Iterations and cycles: Langchain has been a highly popular and useful library to help create a chain of tasks for generative AI. But these chains are not one-and-done. They are fundamentally an experiment and so we must prepare ourselves, our teams, and our enterprises for cycles of these chains and iterate on our experiments as we progress through these chains of tasks.

Let’s explore some frequently encountered solutions to problems in context: patterns. The patterns we will cover here are more iteration patterns or cycle patterns – iterations or “cycles” in your chain of tasks. For example, the chain that starts with you prompting a language model to obtain a completion or “get an answer” from an LLM (large Language model). It’s important that we establish a cycle and evaluate the outcome and iterate. I've structured it as a progression toward more advanced strategies and patterns for completing tasks assigned to the LLM, increasing in complexity and sophistication.

Below is a diagram that includes almost all the cycles and iterations we discuss in this article. Please use it as an indicative reference for the art of the possible and adapt to your specific enterprise needs.

Figure 1: Generative AI lifecycle patterns

These cycles collectively represent more sophisticated or more mature ways of handling the complexities of generative AI for the enterprise.

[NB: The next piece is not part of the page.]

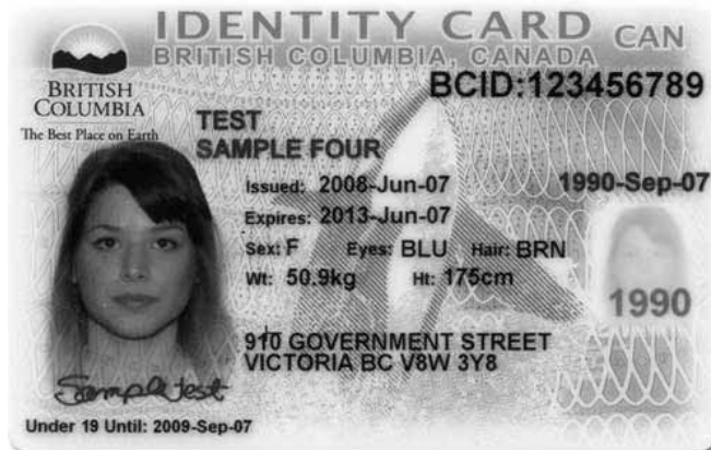
Abbildung 2.6: Die Identity Card des kanadischen Bundesstaats British Columbia ist ein Beispiel für einen Identitätsausweis.

In manchen Ländern ist der Bürger (meist ab einem bestimmten Alter) dazu verpflichtet, einen Identitätsausweis zu besitzen (Ausweispflicht). In anderen Ländern ist die entsprechende Pflicht auch mit dem Besitz eines Reisepasses erfüllt (dies ist etwa in Deutschland der Fall). Manche Staaten mit Ausweispflicht verlangen, dass der Bürger den Ausweis ständig bei sich trägt, wenn er seine Wohnung verlässt. In Ländern ohne Identitätsausweise verwenden die Bürger meist den Führerschein, den Reisepass oder teilweise sogar die Geburtsurkunde, um sich auszuweisen. Die Bürger von Staaten mit Identitätsausweisen aber ohne Ausweispflicht haben entsprechend die Wahl. Einige Staaten geben Identitätsausweise nur an ihre Staatsbürger aus, in anderen können oder müssen auch ausländische Personen, die sich dauerhaft dort aufhalten (Residenten), ein solches (oder ähnliches) Dokument besitzen.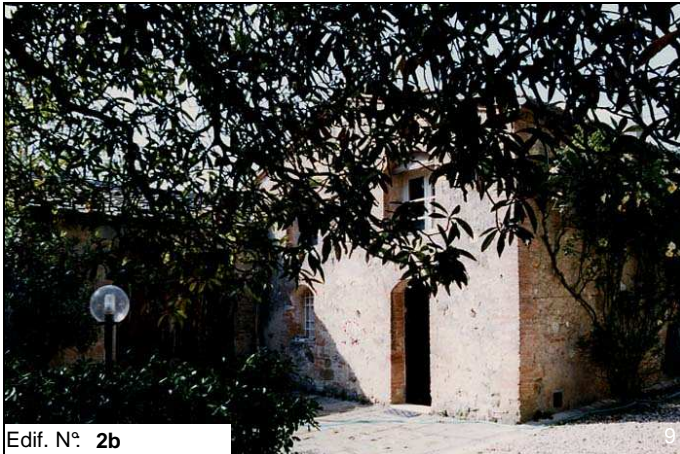
Edif. N° 2b

Each of the subsequent “cycles” comprises:

  • prompt → FM → completion
    expanded into
  • prompt → Tuned Model → Completion,
  • prompt → RAG | FLARE→ Model → Completion,
  • prompt → Model → Completion → Grounding,
  • prompt → ToT → Model → ToT → Completion steps.

For example, let’s start with a simple one:

Prompt → Foundation Model → Adaptation → Completion
(“Translate to French”) (Initial Translation) (Validation) (“Bonjour, comment ça va?”)

Maturity Level 1: Prompt, In-Context Learning, and Chaining

Prompt it and TICL it (Textual In-Context Learning)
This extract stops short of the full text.